I seem to get an error while I use a for loop in my web scraping technique.
Here is my code for the app.py file:
page_content = requests.get("http://books.toscrape.com/").content
parser = BookParser(page_content)
containers = parser.Content()
results = []
for container in containers:
name = container.getName()
link = container.getLink()
price = container.getPrice()
rating = container.getRating()
results.append({'name': name,
'link': link,
'price': price,
'rating': rating
})
print(results[4])
and this is the code for the function that is called:
class BookParser(object):
RATINGS = {
'One': 1,
'Two': 2,
'Three': 3,
'Four': 4,
'Five': 5
}
def __init__(self, page):
self.soup = BeautifulSoup(page, 'html.parser')
def Content(self):
return self.soup.find_all("li",attrs={"class": 'col-xs-6'})
def getName(self):
return self.soup.find('h3').find('a')['title']
def getLink(self):
return self.soup.find('h3').find('a')['href']
def getPrice(self):
locator = BookLocator.PRICE
price = self.soup.select_one(locator).string
pattern = r"[0-9\.]*"
validator = re.findall(pattern, price)
return float(validator[1])
def getRating(self):
locator = BookLocator.STAR_RATING
rating = self.soup.select_one(locator).attrs['class']

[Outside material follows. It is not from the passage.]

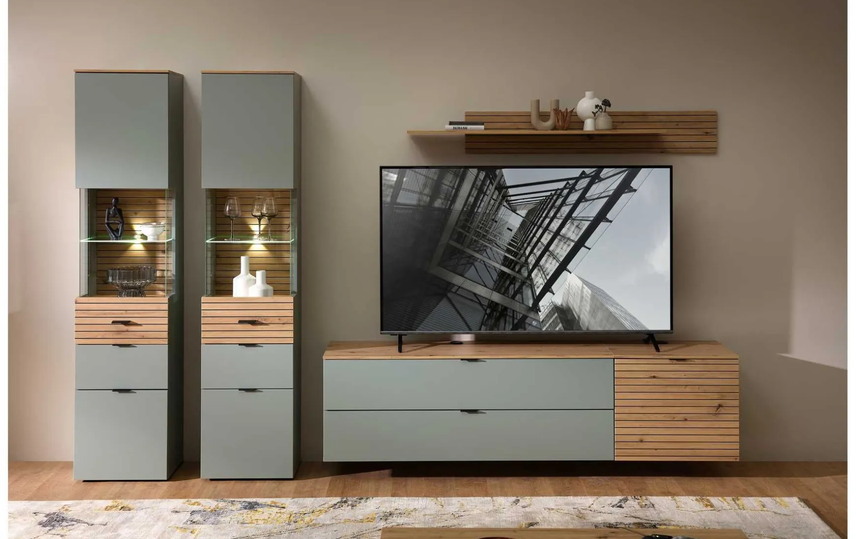 Diese moderne Vitrine verbindet stilvolles Design mit funktionalem Stauraum. Die Kombination aus Schilfgrün und Artisan Eiche verleiht dem Möbelstück eine elegante, zeitgemäße Ausstrahlung. Dank integrierter LED-Beleuchtung werden Ihre Lieblingsstücke wirkungsvoll in Szene gesetzt, während die Soft-Close-Tür für komfortables und leises Schließen sorgt.

rating_number = BookParser.RATINGS.get(rating[1])
return rating_number
and finally, this is the error:
Traceback (most recent call last):
File "c:\Users\Utkarsh Kumar\Documents\Projects\milestoneP4\app.py", line 13, in <module>
name = container.getName()
TypeError: 'NoneType' object is not callable
I don't seem to understand why is the getName() function returning a None Type.
Any help will be highly appreciated as I am pretty new to web scraping
PS: Using it without the for loop just works fine
something like this:
name = parser.getName()
print(name)
parser.getName()will returnA Light in the Atticevery time, which is probably not what you want. In fairness, it's a pretty cool book though.